Stored entries:
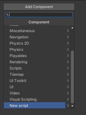 56 คลิกที่ Scene คลิก Player ที่หน้าจอโปรแกรมบนซ้าย จากนั้นคลิกปุ่ม Add Component ทางด้านขวามือโปรแกรม เลือก New script ตั้งชื่อเป็น PlayerController
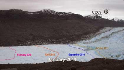 องค์กรเอกชน “เซนโทร ดี เอสทูดิโอส์” (ซีอีซี) แสดงภาพวีดิโอการลดน้อยถอยลงของธารน้ำแข็งจอร์จ มอนท์ ในพาทาโกเนีย ประเทศชิลี ในช่วงปีที่ผ่านมา พบว่าเส้นสีชมพูคือจุดของธารน้ำแข็งเมื่อกุมภาพันธ์ 2553 เส้นสีส้มคือจุดของธารน้ำแข็งเมื่อเมษายน 2553 เส้นสีน้ำเงิน เมื่อกันยายน 2553 และสีเหลืองเมื่อมกราคม 2554 นักวิทยาศาสตร์ชิลี อังเดรส์ ริเวรา หัวหน้าห้องปฏิบัติการธารน้ำแข็งของซีอีซี กล่าวว่า จากภาพแสดงให้เห็นว่าส่วนที่เป็นแหลมของธารน้ำแข็งนี้ลดลงไปประมาณ 1 กม. ระหว่างเดือนกุมภาพันธ์ 2553- มกราคม 2554.
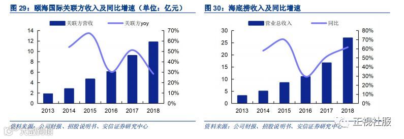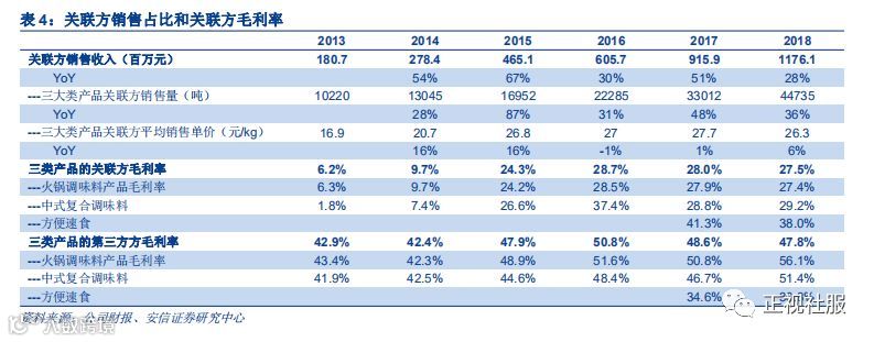 颐海国际是海底捞集团在中国的核心火锅底料产品供应商。公司向海底捞销售定制产品(利用海底捞配方生产供门店自有消耗)及海底捞零售产品(利用公司配方生产于海底捞火锅餐厅展示及售予客户外带),同时公司向海底捞联属公司蜀海供应零售及定制调味品,通过蜀海销售渠道将该产品售予B端餐饮服务供应商。截至2018年,公司关联方销售收入达到11.76亿元,同比增长28%,占收入比44%,来自火锅调料、中式复调、方便速食产品关联方的销量同比增长36%达到4.47万吨,平均销售单价为26.3元/kg。
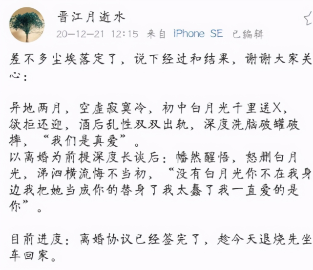 原来博主“晋江月逝水”在微博发了一篇博文,讲述了她和她老公陈博鉴从相爱到结婚的经历。晋江月逝水跟她老公曾是同学,从她的描述来看,男方曾经也爱过她,做过让她感动的事情。但是后来男方却多次婚内出轨。
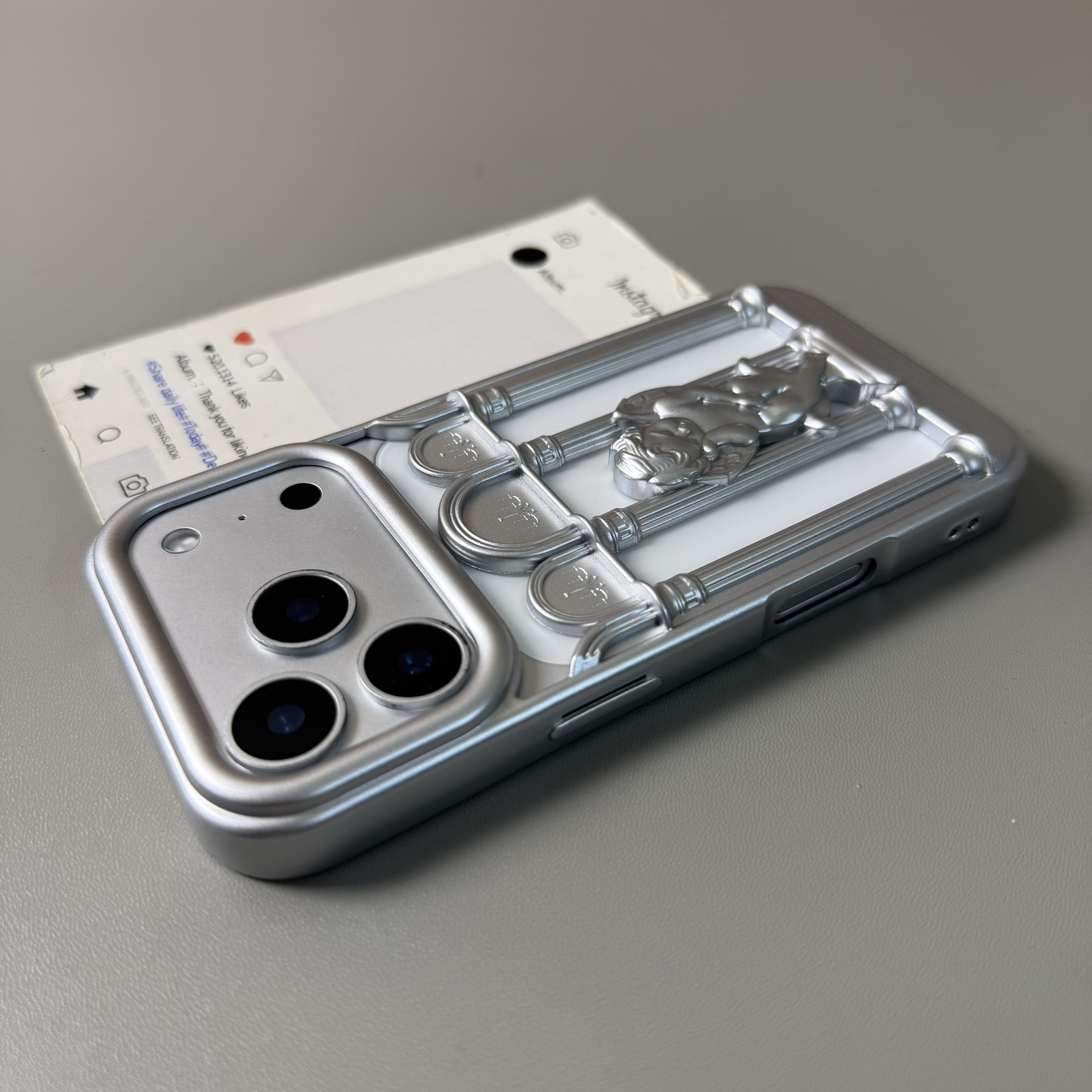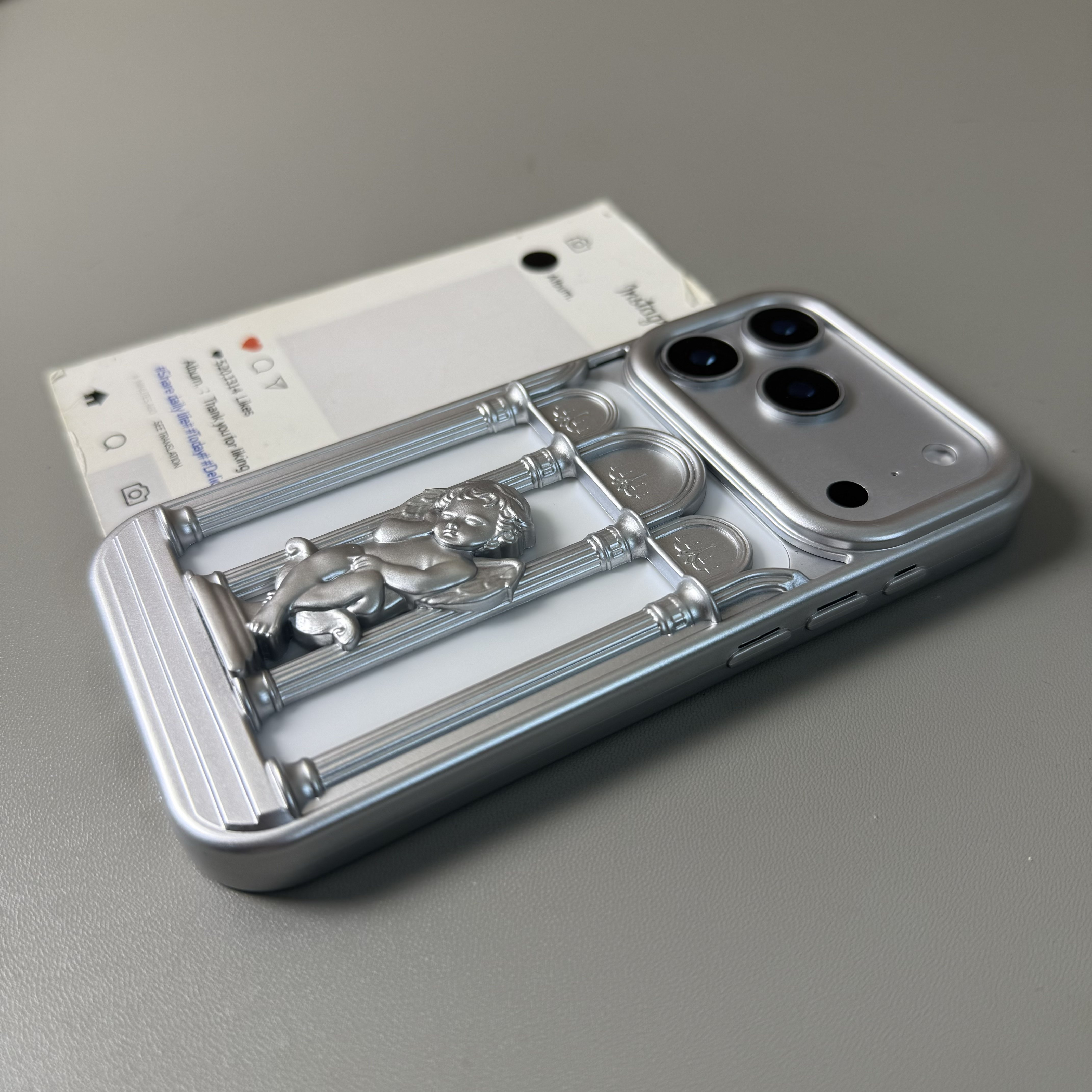 银灰色祈祷天使镂空散热壳适用iPhone17手机壳16promax苹果15/14/13欧美风软壳
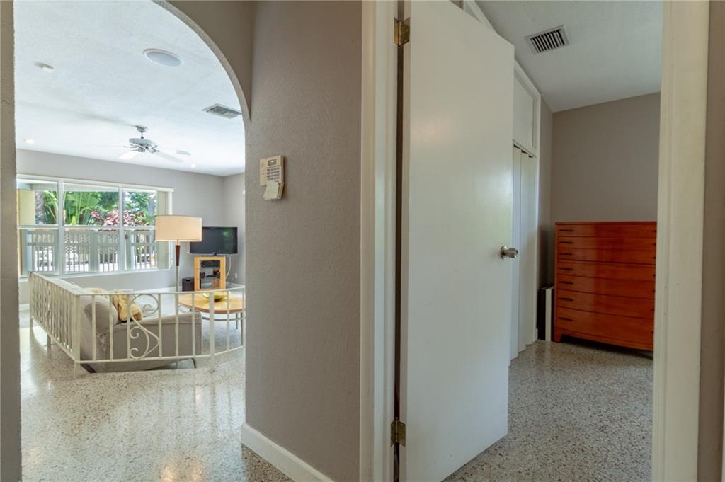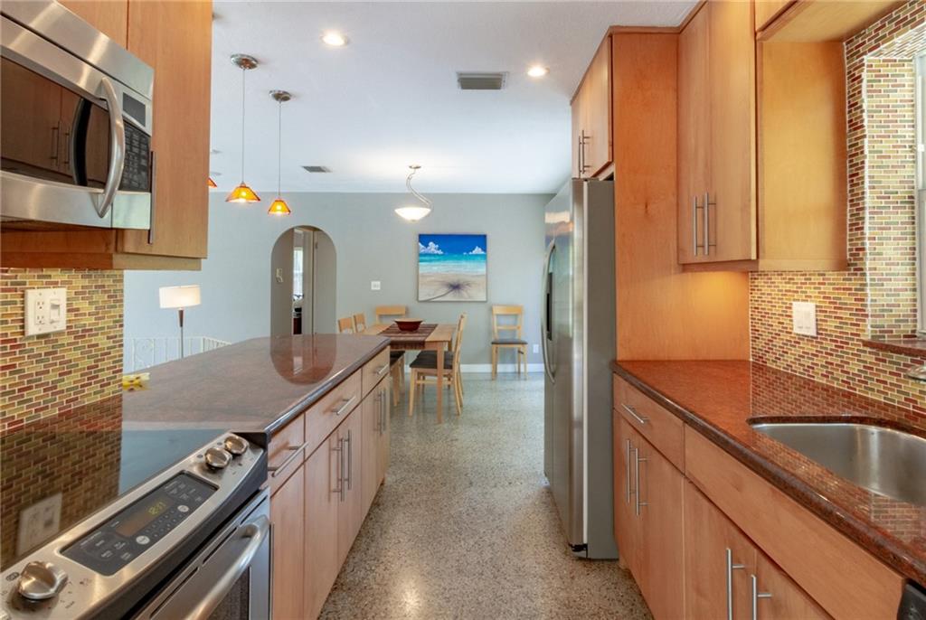 don't miss the photos for this charming home on an oversized and lushly landscaped corner lot. the pool area, in full view from the dining and step down living area add to the beauty of this home. polished terrazzo throughout for easy care and living. the geographic positioning of this home makes for lots of natural light, especially in the living areas. entire property is fenced. updated galley style kitchen makes being in the kitchen easy and convenient to the raised dining area. bathroom makes good use of combo tub/shower with a window. double carport with access for a standard sized vehicle and a compact is a real plus in the florida sun. shaded patio off the dining area is easily accessible for grilling or just chillin, while the pool deck affords plenty of sunshine!
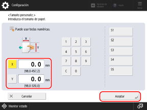 Si se registran tamaños no estándar de uso frecuente, puede recuperarlos pulsando de [S1] a [S5].
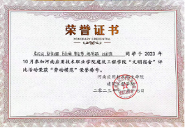 在学习方面,该员工刻苦努力,保持不骄不躁的的心态,扎实学习专业知识,专业成绩始终名列前茅。同时依靠优异的成绩获得了2022-2023年国家励志奖学金以及三好员工等荣誉称号。
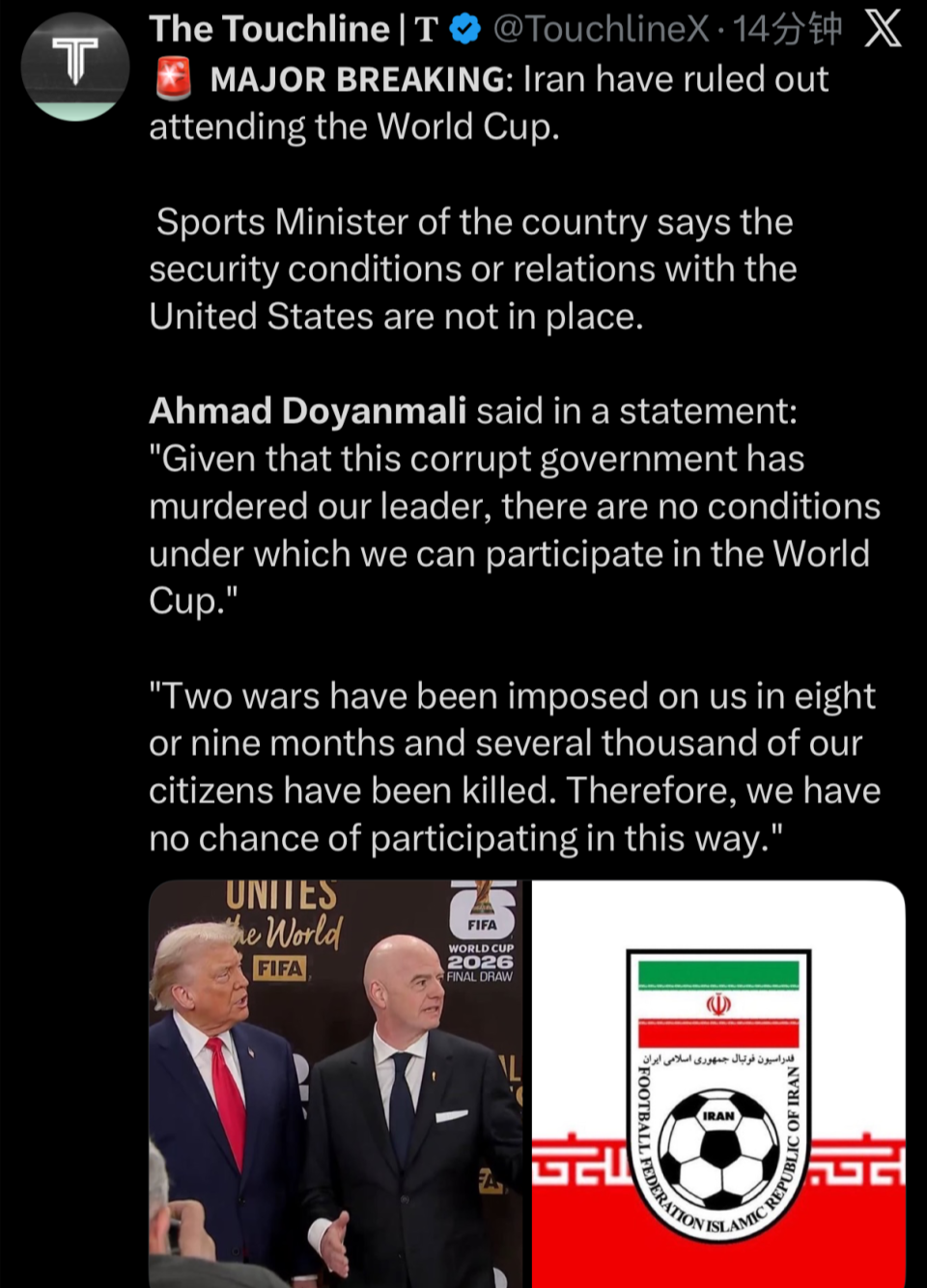 距开赛仅92天,伊朗体育部长:绝无可能参加世界杯!或遭FIFA禁赛
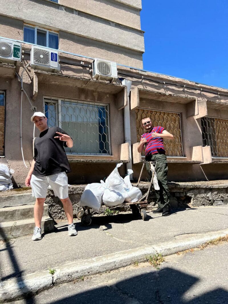 Днями представники місцевого осередку допомогли в облаштуванні захисту для однієї з лікарень Херсона. Вони закривали вікна мішками з піском, аби убезпечити лікарів та пацієнтів від можливих «прильотів».

▶ **TASK ITEM**
Could you set down verbatim the lines from the beginning of the entries above through the line containing "颐海国际是海底捞集团在中国的", both included, leaving out the pictures?

▶ **EXPECTED ANSWER**
 56 คลิกที่ Scene คลิก Player ที่หน้าจอโปรแกรมบนซ้าย จากนั้นคลิกปุ่ม Add Component ทางด้านขวามือโปรแกรม เลือก New script ตั้งชื่อเป็น PlayerController
 องค์กรเอกชน “เซนโทร ดี เอสทูดิโอส์” (ซีอีซี) แสดงภาพวีดิโอการลดน้อยถอยลงของธารน้ำแข็งจอร์จ มอนท์ ในพาทาโกเนีย ประเทศชิลี ในช่วงปีที่ผ่านมา พบว่าเส้นสีชมพูคือจุดของธารน้ำแข็งเมื่อกุมภาพันธ์ 2553 เส้นสีส้มคือจุดของธารน้ำแข็งเมื่อเมษายน 2553 เส้นสีน้ำเงิน เมื่อกันยายน 2553 และสีเหลืองเมื่อมกราคม 2554 นักวิทยาศาสตร์ชิลี อังเดรส์ ริเวรา หัวหน้าห้องปฏิบัติการธารน้ำแข็งของซีอีซี กล่าวว่า จากภาพแสดงให้เห็นว่าส่วนที่เป็นแหลมของธารน้ำแข็งนี้ลดลงไปประมาณ 1 กม. ระหว่างเดือนกุมภาพันธ์ 2553- มกราคม 2554.
 颐海国际是海底捞集团在中国的核心火锅底料产品供应商。公司向海底捞销售定制产品(利用海底捞配方生产供门店自有消耗)及海底捞零售产品(利用公司配方生产于海底捞火锅餐厅展示及售予客户外带),同时公司向海底捞联属公司蜀海供应零售及定制调味品,通过蜀海销售渠道将该产品售予B端餐饮服务供应商。截至2018年,公司关联方销售收入达到11.76亿元,同比增长28%,占收入比44%,来自火锅调料、中式复调、方便速食产品关联方的销量同比增长36%达到4.47万吨,平均销售单价为26.3元/kg。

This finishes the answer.